About this exercise —
Beginning with the line that contains "[중앙뉴스라인, 우제헌기자] 울산", restate each line below through the final one exactly, and exclude the pictures.

Supplied data —

Start of Block

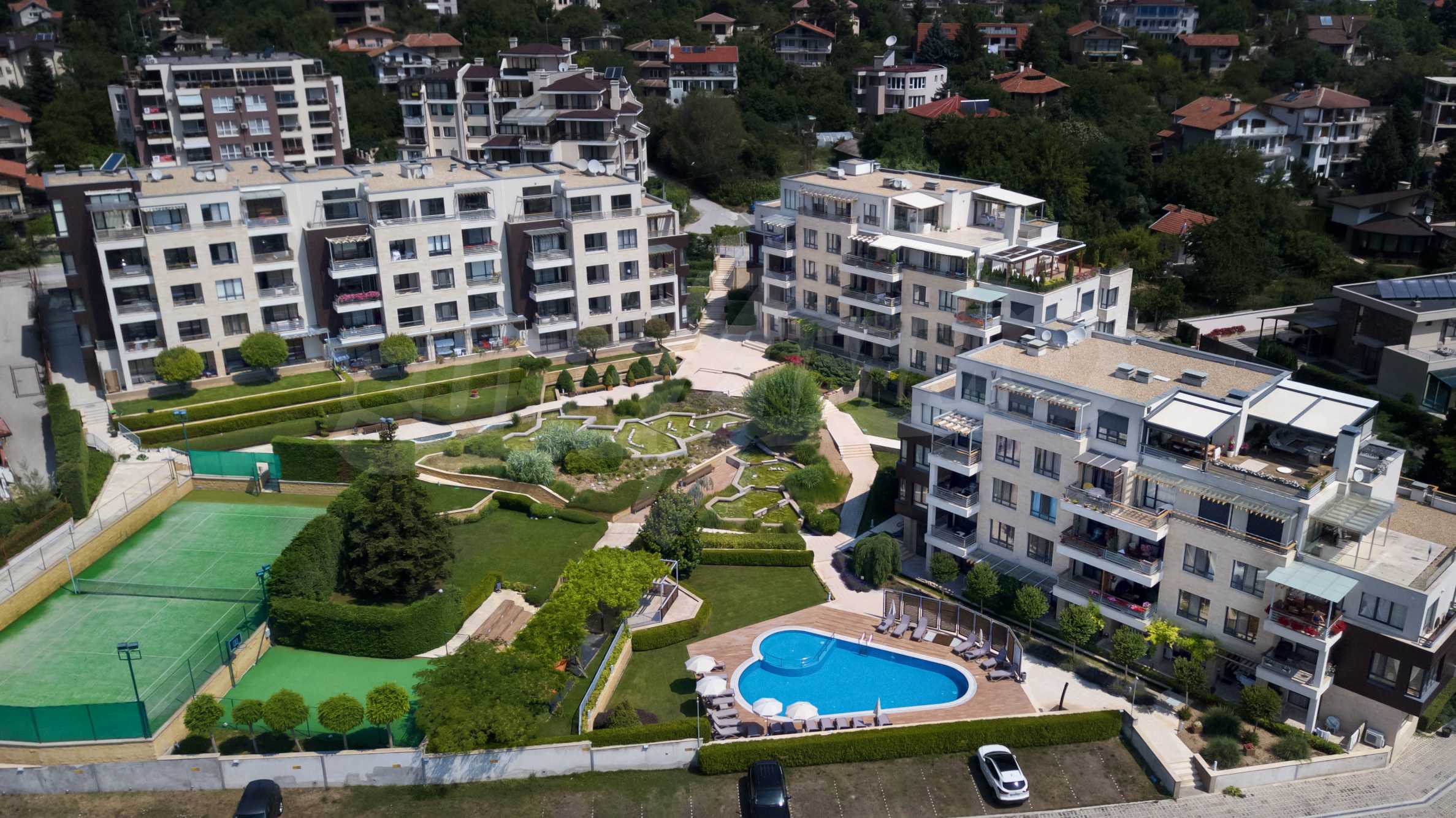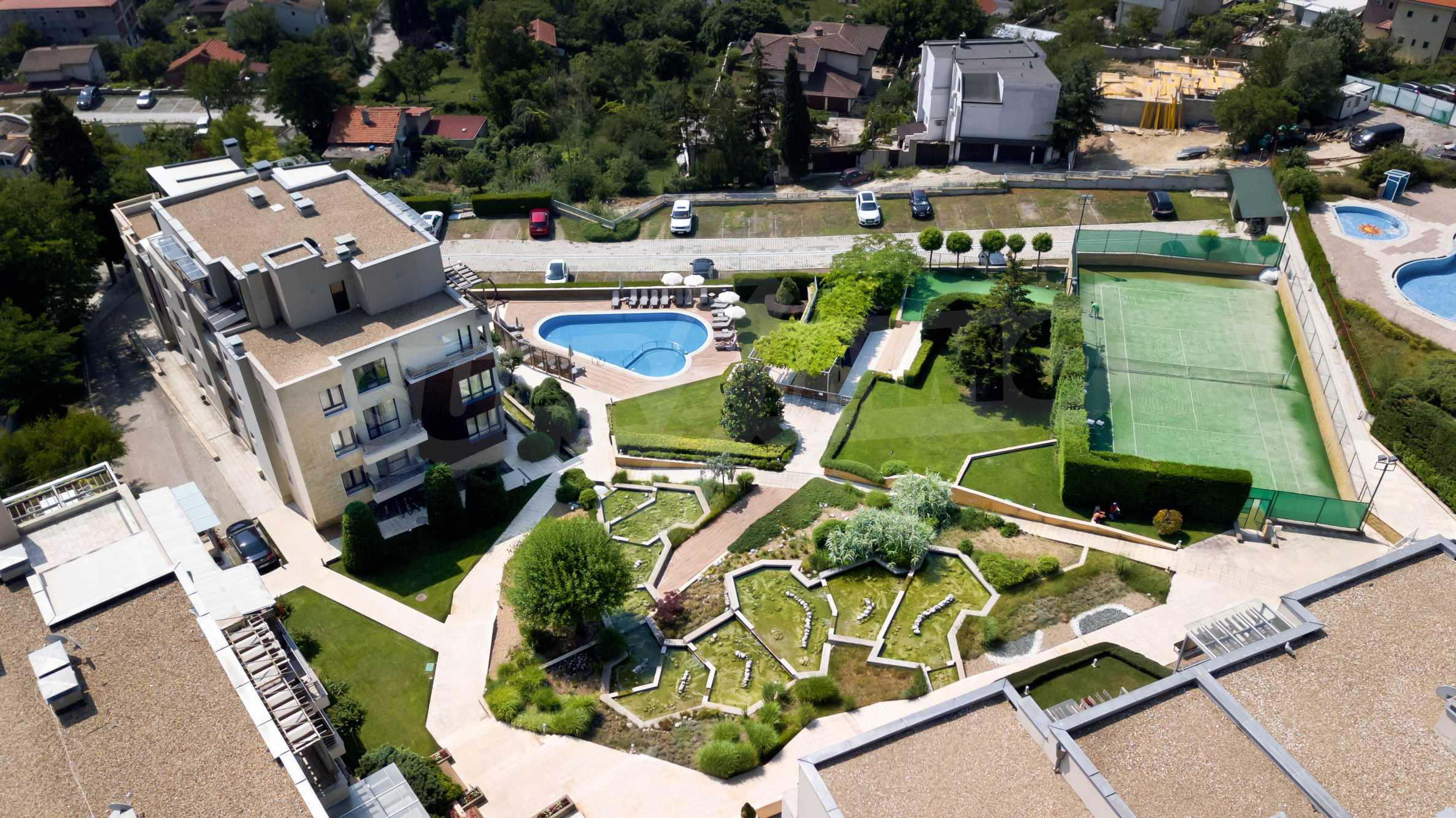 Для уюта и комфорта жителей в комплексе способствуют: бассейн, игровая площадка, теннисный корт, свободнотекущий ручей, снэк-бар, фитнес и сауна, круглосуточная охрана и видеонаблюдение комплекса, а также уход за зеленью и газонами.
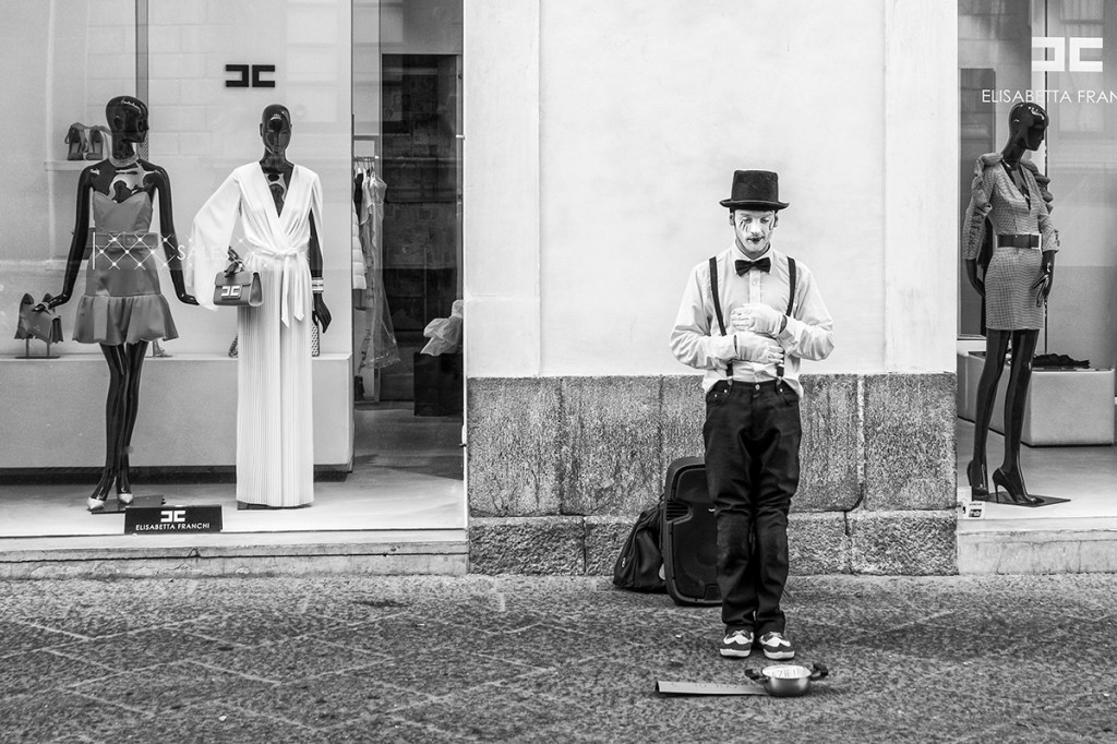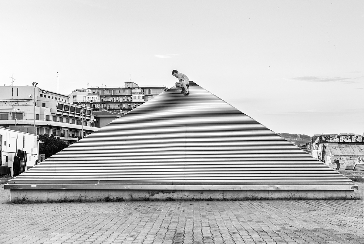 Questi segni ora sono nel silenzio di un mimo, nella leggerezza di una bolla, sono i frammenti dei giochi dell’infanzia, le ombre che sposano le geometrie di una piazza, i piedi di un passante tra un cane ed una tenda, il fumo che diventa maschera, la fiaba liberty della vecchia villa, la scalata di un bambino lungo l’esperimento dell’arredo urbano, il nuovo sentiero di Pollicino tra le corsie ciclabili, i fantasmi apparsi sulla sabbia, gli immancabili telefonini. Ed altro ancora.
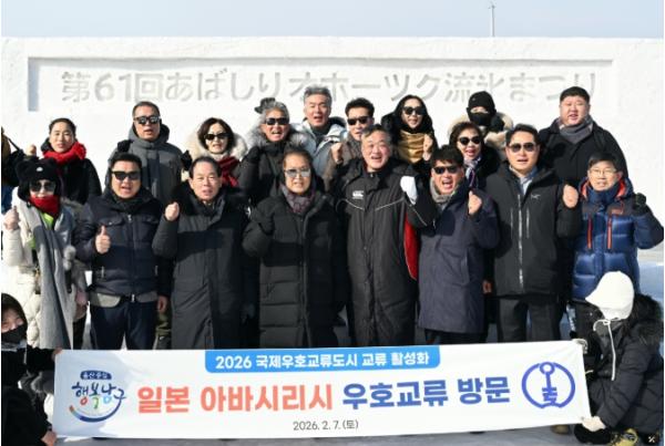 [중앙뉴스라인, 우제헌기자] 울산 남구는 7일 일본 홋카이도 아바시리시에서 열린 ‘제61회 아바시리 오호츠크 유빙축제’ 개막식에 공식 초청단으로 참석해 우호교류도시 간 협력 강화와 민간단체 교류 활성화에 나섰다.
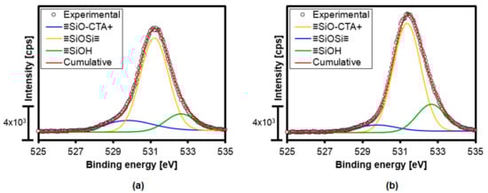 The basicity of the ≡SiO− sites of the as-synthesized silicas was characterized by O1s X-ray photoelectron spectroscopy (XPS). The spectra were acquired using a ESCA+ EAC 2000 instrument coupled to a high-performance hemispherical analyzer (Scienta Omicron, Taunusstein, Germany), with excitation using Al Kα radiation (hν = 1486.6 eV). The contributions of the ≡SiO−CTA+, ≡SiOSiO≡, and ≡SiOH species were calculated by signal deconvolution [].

End of Block

Response —
 [중앙뉴스라인, 우제헌기자] 울산 남구는 7일 일본 홋카이도 아바시리시에서 열린 ‘제61회 아바시리 오호츠크 유빙축제’ 개막식에 공식 초청단으로 참석해 우호교류도시 간 협력 강화와 민간단체 교류 활성화에 나섰다.
 The basicity of the ≡SiO− sites of the as-synthesized silicas was characterized by O1s X-ray photoelectron spectroscopy (XPS). The spectra were acquired using a ESCA+ EAC 2000 instrument coupled to a high-performance hemispherical analyzer (Scienta Omicron, Taunusstein, Germany), with excitation using Al Kα radiation (hν = 1486.6 eV). The contributions of the ≡SiO−CTA+, ≡SiOSiO≡, and ≡SiOH species were calculated by signal deconvolution [].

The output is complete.